Пожилые женщины привычно, словно они пересаживают комнатные цветы, берут комья земли, тщательно разминают их в ладонях, рассматривают, что-то откладывают в сторону, в маленький ящик. Старики-пенсионеры перебирают комки неохотно, покуривают, поглядывают вверх. Старшеклассницы в резиновых перчатках поднимают и крошат землю с неприязнью: им скучна эта работа, и если бы не родители — какой-никакой, а все-таки заработок, — они бы давно сбежали в кино или в сад, к Волхову. Но все-таки каждый комок этой влажной, иссиня-черной земли, прежде чем попасть в отвал, проходит через человеческие руки. Любой предмет — будь то кость или трубочка бересты — предварительно ощупан, осмотрен, отложен в ящик, потому что — кто знает! — может быть, именно эта трубочка окажется берестяной грамотой, а кость — искусно вырезанной палочкой для письма.

* * *

…Холодны комья земли, ох, как они холодны даже в сентябрьскую теплынь. Ведь недаром и в песне поется «мать сыра-земля» да еще «мать сыра-земля холодная»… Пожалуй, только здесь, на раскопе, до конца и поймешь вещую силу слов песни: столетиями веет от этого холода…

«…Первая грамота на бересте была найдена как раз под злополучной бровкой. Нашла ее спустя ровно две недели после начала раскопок — 26 июля 1951 года — молодая работница Нина Федоровна Акулова. Запомните это имя. Оно навсегда вошло в историю науки. Грамота была найдена прямо на мостовой XIV века в щели между двумя плахами.

Акулова передала св ою находку Гайде Андреевне Авдусиной, начальнику своего участка, а та окликнула Артемия Владимировича Арциховского.

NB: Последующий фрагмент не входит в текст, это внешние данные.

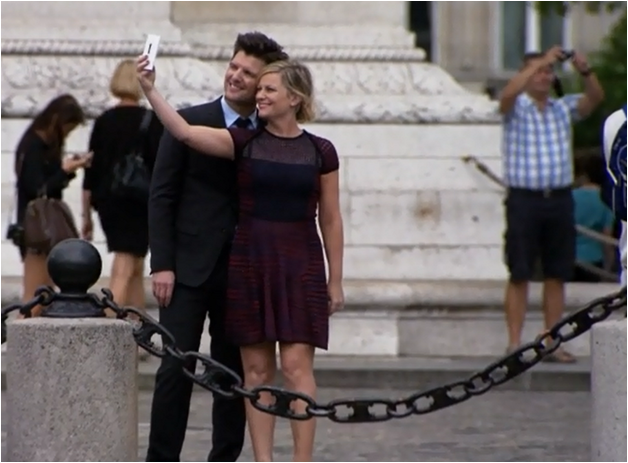 Happy 100th episode to Parks and Recreation and while they were over in London shooting the season 6 premiere they hopped across the Channel to Paris to film scenes for this milestone episode. Ben and Leslie are doing the whole tourist thing so a selfie in front of the Arc de Triomphe is forgivable (who am I kidding my Instagram is full of these kinds of shots, sadly not in Paris). Leslie’s mesh patchwork dress from M Missoni uses pattern and color to create an interesting visual; if she wore this in Pawnee it might look out of place, for Paris it is perfect.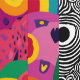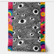 The combination of optical illusion patterns and colorful psychedelic borders creates a one-of-a-kind statement piece that’s both modern and retro.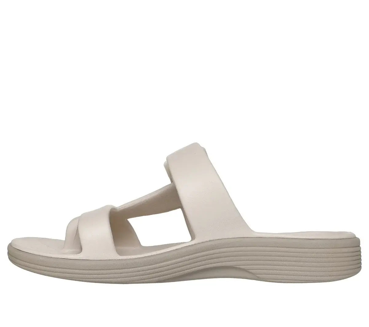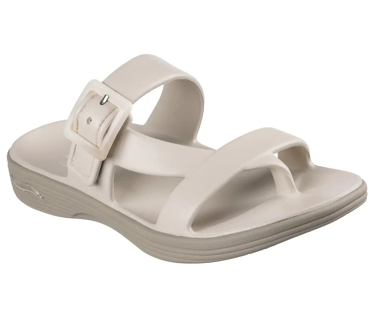 Summery style combines with long-lasting comfort in Skechers Foamies®: Arch Fit® Maui – Seaside. This slide sandal features a Foamies® sculpted lightweight EVA upper, buckle detail, toe loop, and a supportive Arch Fit® footbed.

Оклик застал его стоящим на расчищаемой древней вымостке, которая вела с мостовой Холопьей улицы во двор усадьбы. И вот, стоя на этой вымостке, как на пьедестале, с поднятым пальцем, он в течение минуты на виду у всего раскопа не мог, задохнувшись, произнести ни единого слова, издавая лишь нечленораздельные звуки, потом срывающимся голосом выкрикнул: «Премия — сто рублей!» Наконец выдохнул: «Я этой находки ждал двадцать лет!»

Вероятно, тогда, 26 июля, он был единственным человеком, в какой-то степени предвидевшим будущее находки».